Anderson & Dromo's had not granted the rise, and the marriage had been postponed. Meanwhile she was still at the P. R. R., and very, very happy. Betty too, her baby, her other baby, frightened Victoria a little. She was so rosy, so pretty now, and there was something defiant and excited about her that might presage disease. But Betty had not come near her for the last two months.
About the middle of June she took Jack away to Broadstairs. He was willing to go or stay, just as she liked. He seemed so neutral that Victoria experimented upon him by presenting him with a sheaf of unpaid bills. He looked at them languidly and said he supposed they must be paid, asked her to add them up and wrote a cheque for the full amount.
Apparently he had forgotten all about the allowance, or did not care.
Broadstairs seemed to do him good. Except at the week end the Hotel Sylvester was almost empty. The sea breeze blew stiffly from the north or the east. His colour increased and once more he began to talk.
Victoria encouraged him to take long walks alone along the front. She had some occupation, for two little girls who were there in charge of a Swiss governess had adopted the lovely lady as their aunt. A new sweetness had come into her life, shrill voices, the clinging of little hands. Sometimes these four would walk together, and Holt would run with the children, tumbling in the sand in sheer merriment.
'You seem all right again, Jack,' said Victoria on the tenth morning.
'Right! Rather, by jove, it's good to live, Vicky.'
'You were a bit off colour, you know.'
'I suppose I was. But now, I feel nothing can hold me. I wrote a rondeau this morning on the pier. Want to see it?'
'Of course, silly boy. Aren't you going to be the next great poet?'
She read the rondeau, scrawled in pencil on the back of a bill. It was delicate, a little colourless.
'Lovely,' she said, 'of course you'll send it to the _Westminster_.'
'Perhaps . . . hulloa, there are the kiddies.' He ran off down the steps from the front.
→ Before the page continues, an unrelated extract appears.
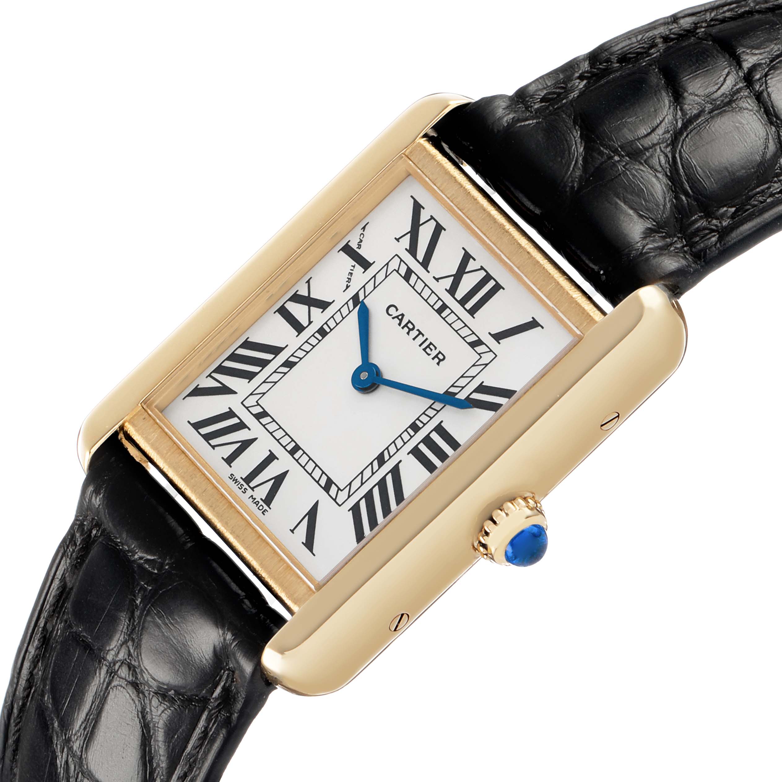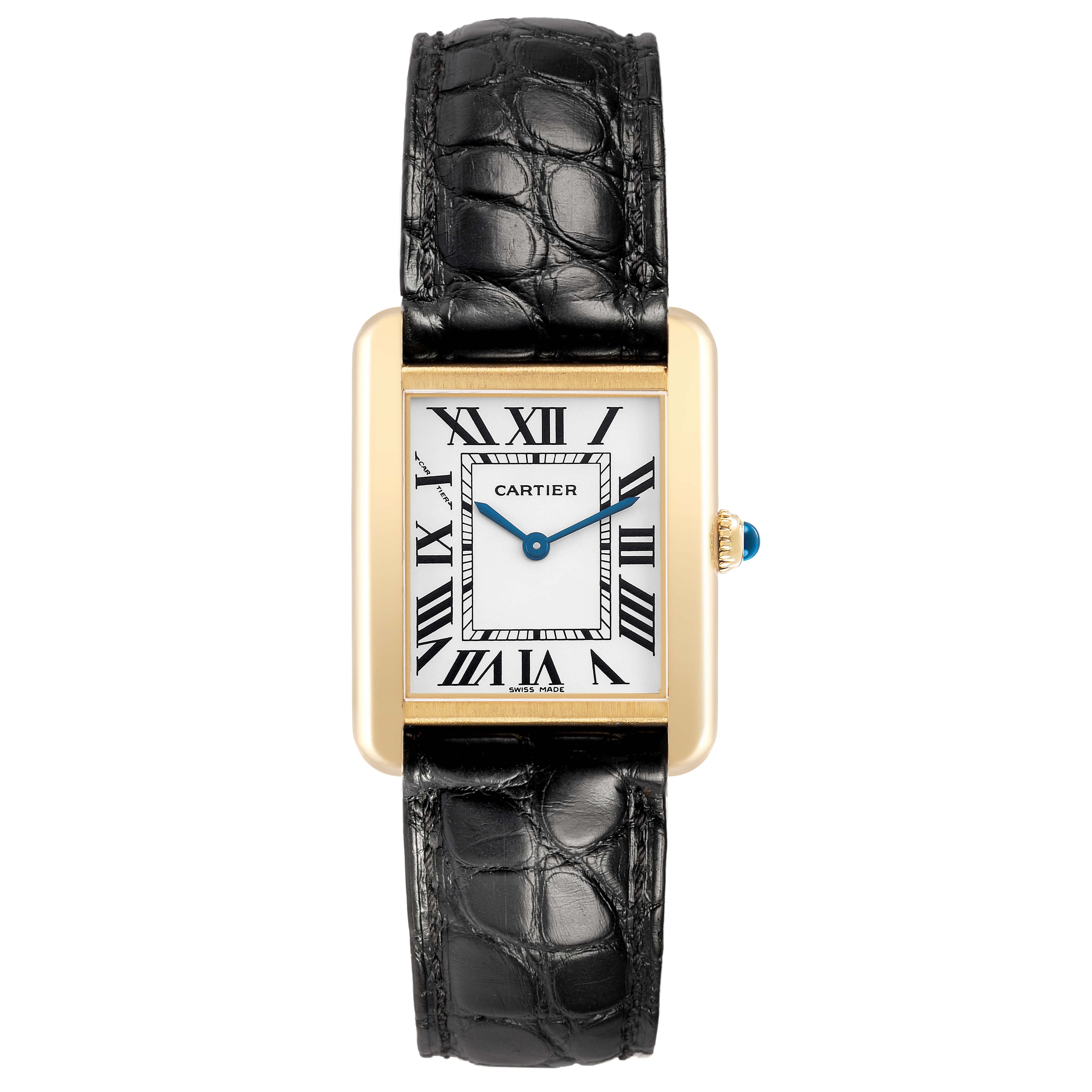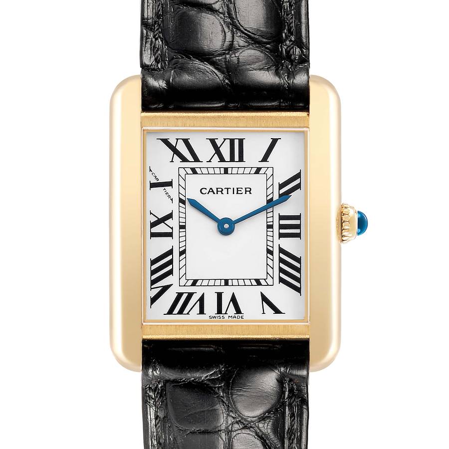 Cartier Tank Solo Yellow Gold Ladies Watch W1018755. Quartz movement. 18k yellow gold rectangular case 30.0 x 24.0 mm. Stainless steel caseback. Circular-grained crown set with a blue spinel cabochon. . Scratch-resistant sapphire crystal. Silver opaline dial with black radial Roman numeral hour markers and an inner minute track. Blued steel sword-shaped hands. Secret Cartier signature at X. Black leather strap with an 18k yellow gold tang buckle.

A minute after Victoria saw him helping the elder girl to bury her little sister in the sand.
Victoria felt much rea.s.sured. He was normal again, the half wistful, half irresponsible boy she had once known. He slept well, laughed, and his crying need for her seemed to have abated. At the end of the fortnight Victoria was debating whether she should take him home. She was in the hotel garden talking to the smaller girl, telling her a wonderful story about the fairy who lived in the telephone and said ping-pong when the line was engaged. The little girl sat upon her knee; when she laughed Victoria's heart bounded. The elder girl came through the gate leading a good-looking young woman in white by the hand.
'Oh, mummie, here's auntie,' cried the child, dragging her mother up to Victoria. The two women looked at one another.
'They tell me you have been very kind . . .' said the woman. Then she stopped abruptly.
'Of course, mummie, she's not _really_ our auntie,' said the child confidentially.
Victoria put the small girl down. The mother looked at her again. She seemed so nice and refined . . . yet her husband said that the initials on the trunks were different . . . one had to be careful.